Матушка избегала встречи теперь с не любимым ею Иванушкой. Он и сам о чём-то глубоко почасту задумывался. Слова соперника, так развязно рассказывавшего о благосклонности князя Меншикова, будто бы если не к себе готового определить этого проходимца, то ещё легче во двор царский, где золотое дно, — не давали теперь покоя расходившимся мыслям Иванушки.
Отец Егор, правда, поперечку сделал Фомке; дал понять, что не удастся свинье на небо взглянуть и при поддержке светлейшего. На то сам царь, чтобы к себе брать кто ему приглянется, возражал в мыслях обеспокоенный Балакирев. «Понимаю! — слышался ему внутренний голос. — Фомка для того лезет во дворец, как он мне нахально расхвастал, что там, вишь, золотое дно… Как достанешь до этого дна-то, все тебе и будет по плечу. Захочет Фомка, и его будет Даша? Так врёшь же!.. Не отдам!.. Постою за себя!..»

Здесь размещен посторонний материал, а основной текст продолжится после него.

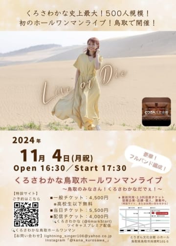 くろさわかな鳥取ホールワンマンライブ~鳥取のみなさん!くろさわかなだでぇ!~が2024年11月4日(月・祝)に開催|鳥取市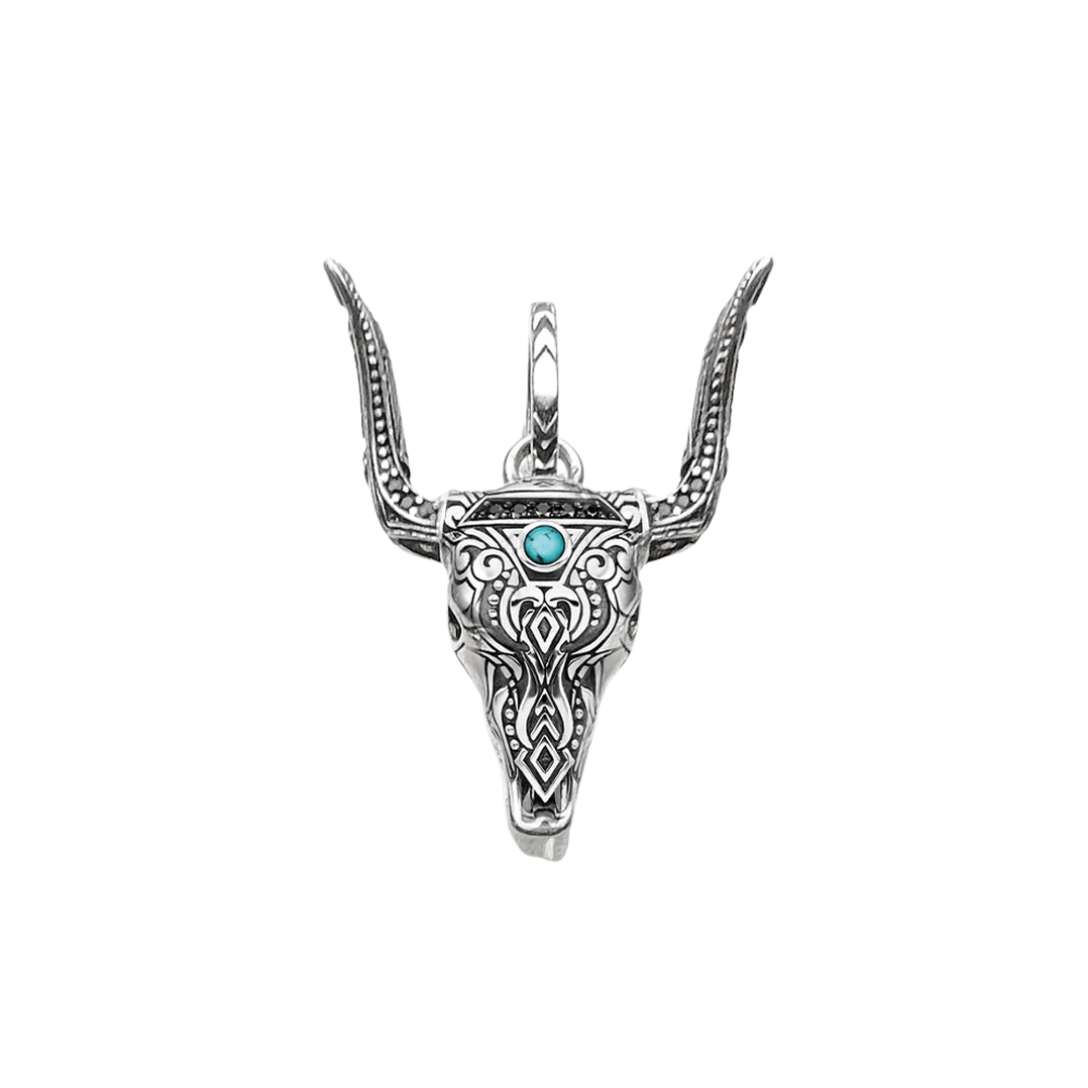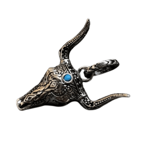 Silverhänge med tjurskalle och turkos – en djärv symbol för styrka och frihet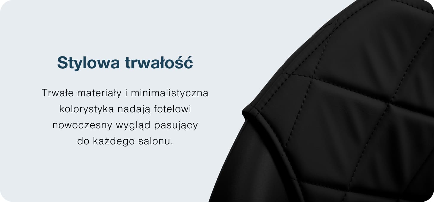 Wytrzymała konstrukcja z tworzywa sztucznego w odcieniach czerni zapewnia trwałość. Zastosowane materiały sprawiają, że sprzęt jest komfortowy w użytkowaniu, odporny na wilgoć oraz łatwy do czyszczenia. Okrągła podstawa w odcieniach czerni gwarantuje stabilność i wytrzymałość. Minimalistyczna czerń w połączeniu z estetycznymi przeszyciami oraz czernią podstawy sprawia, że fotel doskonale komponuje się z różnymi stylami wnętrz salonów fryzjerskich, wprowadzając elegancki i nowoczesny akcent.

К концу вечера, порешив так, Ванечка после ужина ушёл от батьки к себе, теперь он ломал голову над тем, как разбить надежды врага, заручившегося, по его словам, поддержкою для своих планов.
Ранним утром роту, в которой состоял Балакирев, назначили в караул. Вступать пришлось до полудня. Развели на притины [103], и полдень наступил. От церкви Троицы, что против Гостиного двора и Сената, за длинным строением, где помещены недавно две коллегии, в ту пору на берег Большой Невы выходил провиантский магазин. Теперь это одно непрерывное здание вдоль течения реки, а при Петре I, по упразднении Ростовских зеленных рядов, на самых настилках их было шесть деревянных амбаров, стоявших поперёк от улицы к Неве. Между каждыми двумя амбарами была будка для часового. Ко всем корпусам тогда из-за нехватки людей ставили одного человека на карауле с ружьём. Стоял он и не у будки, а, что называется, на юру под открытым небом. Солнцепёк палил беднягу в зной; дождь прохватывал насквозь, коли польёт; зимой же осыпал или нестерпимо резал лицо и уши снег с Невы и с дороги. Дежурство Балакирева пришлось в знойный день. На небе — ни облачка; в воздухе — мёртвая тишь. Простоял он час. Нет души живой; жажда смертная; кровь в голову бьёт, и сам человек разварен в этом кипятке до изнеможения. Перевязь накалилась и не даёт рукой провести по коже, а особенно по пряжке — так и палит.
103
Здесь: посты.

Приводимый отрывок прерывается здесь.